You could change the result from this query (especially for tables with lots of columns) to only return values that are worth investigating, in this case I returned all rows to demonstrate (and all rows have potential fixes in my example anyway). Just add another CTE around the union and filter based on those columns (or others you add).

Of course on big tables, this will scan potentially for every column, so don't expect it to be fast, and expect it to disfavor a lot of memory if you're short on that. Also this is probably obvious but this can't protect you from picking a type that will hurt you later. Say the column was collecting integers and it just got to 99, so you change the type to tinyint because there are no decimals and the longest length was 2. Then someone inserts 256 and boom.

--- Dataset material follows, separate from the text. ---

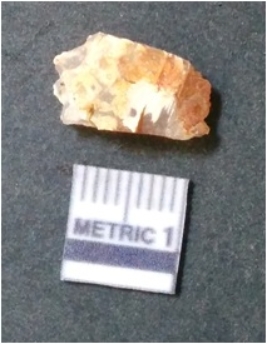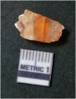 | Description / विवरण | The banded agate piece is crystalline in nature, with a smooth fracture pattern and visible bands on the flaked sides. The piece is pale in color and has sharp flaked ends. |

You could also add other enhancements, like also get the min length (if they're all strings, maybe you have varchar but it could be char), or check if any characters are outside of ASCII (maybe you have nvarchar but it could be varchar), how many digits on either side of the decimal (to be more precise about decimal types), or the max value (to increase accuracy for determining type of integer). I'll leave those as an exercise.

Aaron Bertrand
  • 272,866
  • 37
  • 466
  • 490
  • Gosh, I never expected two such serious answers to my question! Thank you so much, I really wish I could vote them up, but I don't have enough rep, and I wish I could choose two best answers! I really used them both. Thank you so much for such useful answer! – Shannon_Colt1999 Sep 07 '20 at 03:35
2

You might have a simpler solution in SQL Server. Just try converting the values and choose the most appropriate type. For a single column handling integers, dates, and times is pretty easy:

select (case when count(try_convert(tinyint, col)) = count(col) then 'tinyint'
             when count(try_convert(int, col)) = count(col) then 'int'
             when count(try_convert(bigint, col)) = count(col) then 'bigint'
             when count(try_convert(date, col)) = count(col) then 'date'
             when count(try_convert(time, col)) = count(col) then 'time'
             when count(try_convert(datetime, col)) = count(col) then 'datetime'
             else 'varchar(255)'  -- or whatever default
        end)
from t
where col is not null;

This needs to be expanded in two ways. One is for more columns and the second is for other types of numbers. The first is easy:

select colname,
       (case when count(try_convert(tinyint, col)) = count(col) then 'tinyint'
             when count(try_convert(int, col)) = count(col) then 'int'
             when count(try_convert(bigint, col)) = count(col) then 'bigint'
             when count(try_convert(date, col)) = count(col) then 'date'
             when count(try_convert(time, col)) = count(col) then 'time'
             when count(try_convert(datetime, col)) = count(col) then 'datetime'
             else 'varchar(255)'  -- or whatever default
        end)
from t cross apply
     (values ('col1', col1), ('col2', col2), . . . ) v(colname, col)
where col is not null
group by colname;

Note: If the values are all NULL there is no way to check.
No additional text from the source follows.